● TASK DESCRIPTION
Below are some records; quote exactly the lines from the one that contains "Obr. 6 a 7 –" through the one that contains "GUCCI-738691 8149 구찌 실버 가죽 샌들 여성용", inclusive, and no others.

● SUPPLIED ENTRIES
● ● ● ● ● ● ●
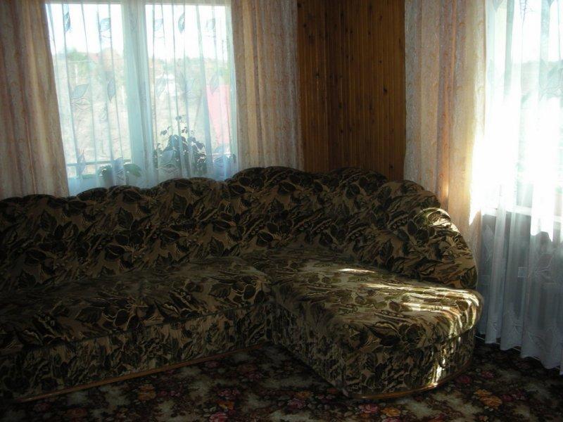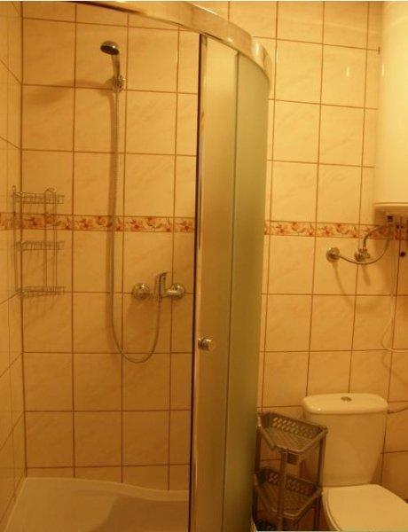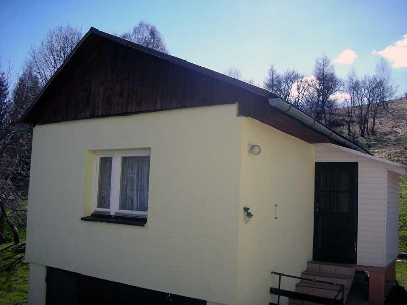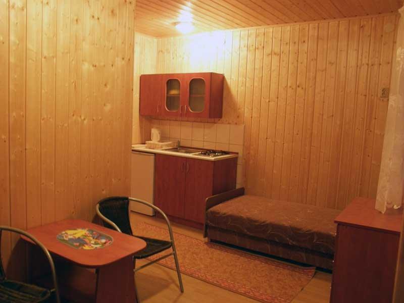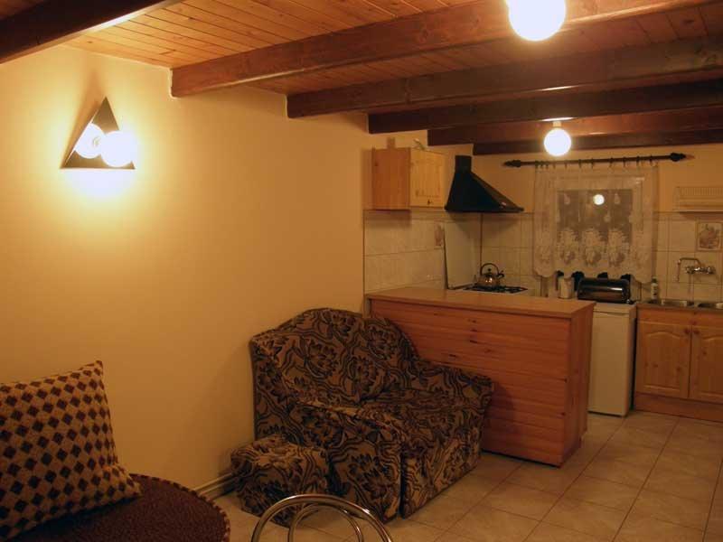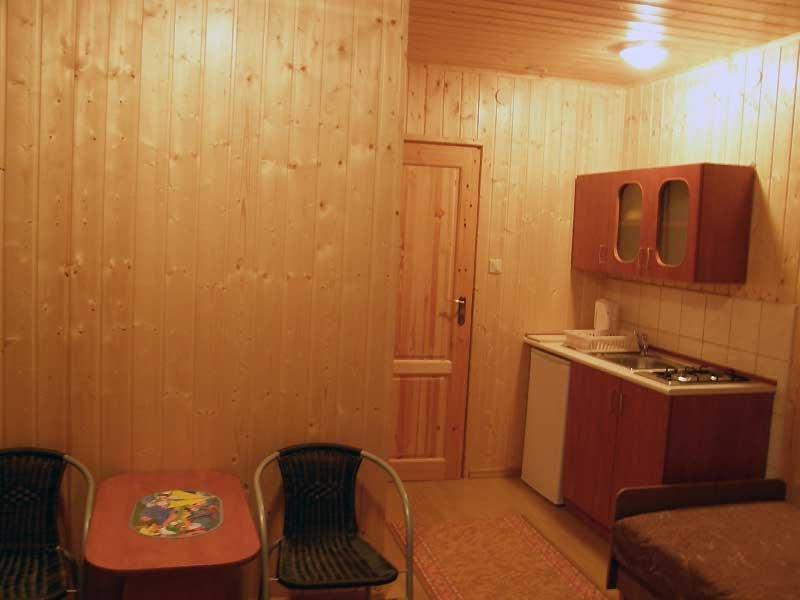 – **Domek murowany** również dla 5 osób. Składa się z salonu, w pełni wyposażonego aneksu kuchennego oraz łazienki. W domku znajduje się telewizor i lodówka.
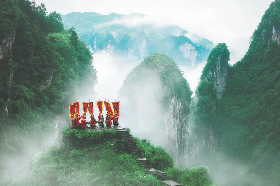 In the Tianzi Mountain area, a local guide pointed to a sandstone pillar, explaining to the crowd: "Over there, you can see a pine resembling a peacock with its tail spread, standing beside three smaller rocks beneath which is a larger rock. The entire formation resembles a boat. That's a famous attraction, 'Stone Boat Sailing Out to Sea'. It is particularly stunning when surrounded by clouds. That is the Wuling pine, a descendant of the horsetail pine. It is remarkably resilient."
● ● ● ● ● ● ●
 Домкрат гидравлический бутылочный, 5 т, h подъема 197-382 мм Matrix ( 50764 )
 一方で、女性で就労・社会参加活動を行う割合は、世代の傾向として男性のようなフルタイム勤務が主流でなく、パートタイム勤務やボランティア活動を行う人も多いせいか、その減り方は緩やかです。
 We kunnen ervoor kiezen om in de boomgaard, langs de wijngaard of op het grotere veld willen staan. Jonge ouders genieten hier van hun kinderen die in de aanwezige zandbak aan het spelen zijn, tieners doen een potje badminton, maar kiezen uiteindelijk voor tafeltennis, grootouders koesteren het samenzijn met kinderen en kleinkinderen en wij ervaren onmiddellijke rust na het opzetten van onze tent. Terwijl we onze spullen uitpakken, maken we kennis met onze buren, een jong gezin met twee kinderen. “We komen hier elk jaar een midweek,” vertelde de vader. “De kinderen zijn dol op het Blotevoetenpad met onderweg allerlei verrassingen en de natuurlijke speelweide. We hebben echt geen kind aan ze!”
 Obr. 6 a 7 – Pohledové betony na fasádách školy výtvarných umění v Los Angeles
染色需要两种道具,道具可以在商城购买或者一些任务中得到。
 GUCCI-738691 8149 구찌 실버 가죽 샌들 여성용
● ● ● ● ● ● ●
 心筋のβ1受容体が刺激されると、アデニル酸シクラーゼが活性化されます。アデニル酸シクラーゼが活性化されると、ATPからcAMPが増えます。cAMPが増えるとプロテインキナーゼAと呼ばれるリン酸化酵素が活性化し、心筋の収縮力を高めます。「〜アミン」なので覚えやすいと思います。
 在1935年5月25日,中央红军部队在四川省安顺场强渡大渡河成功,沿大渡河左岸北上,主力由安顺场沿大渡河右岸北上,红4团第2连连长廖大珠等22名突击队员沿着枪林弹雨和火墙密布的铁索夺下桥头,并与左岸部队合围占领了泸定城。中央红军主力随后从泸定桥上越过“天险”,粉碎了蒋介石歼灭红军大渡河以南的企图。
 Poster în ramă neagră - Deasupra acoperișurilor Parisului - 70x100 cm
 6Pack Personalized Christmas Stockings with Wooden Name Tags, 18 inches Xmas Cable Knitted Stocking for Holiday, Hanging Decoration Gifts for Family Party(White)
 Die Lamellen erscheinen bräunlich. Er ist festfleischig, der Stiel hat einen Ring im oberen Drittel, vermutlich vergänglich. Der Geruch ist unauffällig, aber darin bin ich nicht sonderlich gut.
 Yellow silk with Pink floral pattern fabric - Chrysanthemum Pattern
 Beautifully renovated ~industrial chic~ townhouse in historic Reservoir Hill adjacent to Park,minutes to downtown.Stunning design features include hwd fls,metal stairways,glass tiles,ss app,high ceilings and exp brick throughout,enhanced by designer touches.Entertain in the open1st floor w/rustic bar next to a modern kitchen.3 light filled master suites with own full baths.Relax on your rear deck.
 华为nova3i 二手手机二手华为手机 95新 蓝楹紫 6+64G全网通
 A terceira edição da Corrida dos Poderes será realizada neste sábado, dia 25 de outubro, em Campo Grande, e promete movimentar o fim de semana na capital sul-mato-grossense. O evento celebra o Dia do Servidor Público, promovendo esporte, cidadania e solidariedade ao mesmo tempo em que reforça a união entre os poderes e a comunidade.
● ● ● ● ● ● ●
● TASK ANSWER
 Obr. 6 a 7 – Pohledové betony na fasádách školy výtvarných umění v Los Angeles
染色需要两种道具,道具可以在商城购买或者一些任务中得到。
 GUCCI-738691 8149 구찌 실버 가죽 샌들 여성용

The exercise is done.